7.1.3. Linux-Specific Challenges
- Kernel exploits and diverse architectures: Linux operating systems face unique challenges owing to their architecture and widespread use in servers, cloud infrastructures, and IoT devices. A notable example is the Dirty COW (CVE-2016-5195) vulnerability, a Linux-specific privilege escalation flaw in the kernel memory subsystem that allows attackers to gain root access [131]. Linux-specific package managers and dependencies can also introduce vulnerabilities if not properly maintained, as seen in attacks targeting outdated software in distributions, such as Ubuntu or CentOS. These issues are compounded by the diversity of Linux distributions that can lead to inconsistent patching and security practices.
7.1.4. macOS-Specific Challenges
- Exploiting native frameworks (macOS), which are known for their robust security architecture, faces unique challenges due to their closed ecosystem and reliance on native frameworks.

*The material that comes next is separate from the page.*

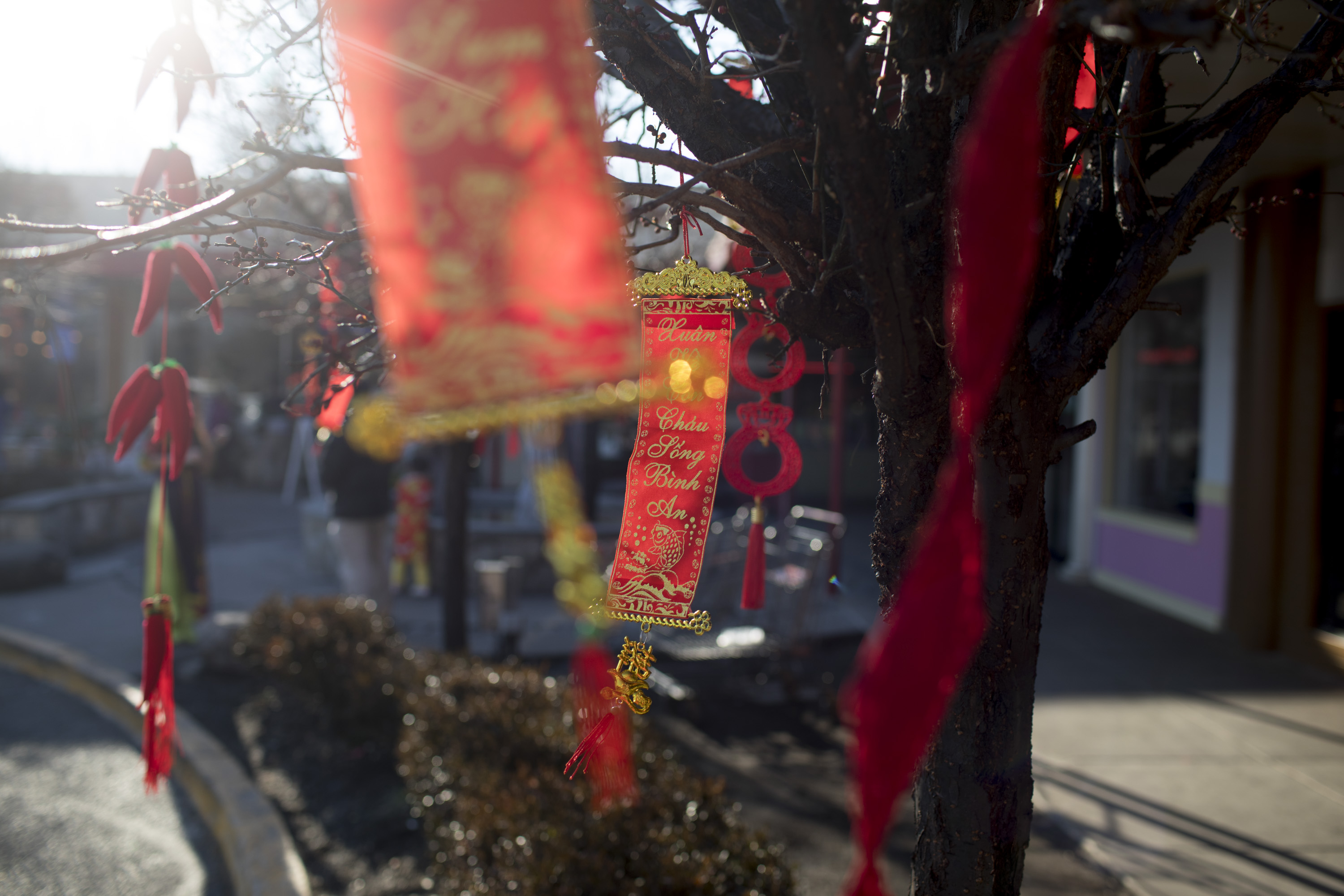 At Huong Binh Bakery, 87-year old Anh Le sits at the counter putting the finishing touches on handmade pink pork rolls. His son Quang takes stock of popular holiday items like Bánh chưng and Mứt dừa, making sure there’s enough for the tide of customers about to roll in. Behind the clock tower and just inside of the mall, Vicki Tu of Dupont Central Jewelry helps a customer decide on the perfect bracelet to give as a new year’s gift. Her husband David, glasses slipping down his nose, watches as a worker chisels away on a ring. All around the roughly 120-store, 200,000 square foot shopping plaza, the words Chúc mừng năm mới reverberate through the air as preparations are underway for the Year of the Pig.

One notable example is gatekeeper bypass vulnerability, in which attackers exploit flaws in the macOS app verification system to execute malicious software without user consent. The reliance on proprietary frameworks such as AppleScript and iCloud integration also introduces vulnerabilities, as seen in attacks that exploit scripting vulnerabilities or iCloud phishing schemes [132].
- Perception of security: macOS users often perceive their systems as inherently secure, which attackers exploit through sophisticated phishing and malvertising campaigns.
7.1.5. Summary of Commonalities and Differences
Table 8 highlights key differences and commonalities in malware detection challenges across Windows, Linux, and macOS, providing insights into platform-specific vulnerabilities and security considerations and protocols.
Table 8.
Comparison of commonalities and differences in malware detection challenges across Windows, Linux, and macOS.
7.2. Mobile Platforms (Android and iOS)
7.2.1. Android-Specific Challenges
- OS update delays: the dependency on multiple manufacturers slows OS updates, leaving outdated devices vulnerable.
- Third-party apps: third-party applications increase risks to device security and user privacy.
- Device diversity: the variety of Android devices and OS versions complicates uniform patching and security protocols.
7.2.2. iOS-Specific Challenges
- Jailbreaking risks: jailbreaking removes iOS restrictions, exposing devices to malware and unauthorized app installations [133].
- iCloud phishing and account takeovers: attackers use phishing to steal iCloud credentials, enabling data theft and device tracking.
7.2.3. Summary of Mobile Platform Differences
Table 9 highlights key differences and commonalities in malware detection challenges and security features between Android and iOS, providing insights into platform-specific risks, update mechanisms, and security controls.
Table 9.
Comparison of malware detection challenges and security features between Android and iOS.
7.3. IoT-Specific Challenges
- Device diversity: the rapid growth and heterogeneity of IoT devices create challenges for uniform malware detection.
- Resource constraints: limited computational resources render IoT devices more vulnerable to malware.
- Dataset limitations: the lack of valid large-scale IoT malware datasets limits machine learning model training.
7.4. Cloud-Specific Challenges
- Interconnected infrastructure: the distributed nature of cloud systems increases the risk of malware attacks.
- Shared responsibility model: the shared responsibility model can obscure security accountability, limiting organizations’ visibility and hindering threat detection.
- Scalability of attacks: attackers can leverage the automation and scalability features of the cloud to launch large-scale attacks quickly.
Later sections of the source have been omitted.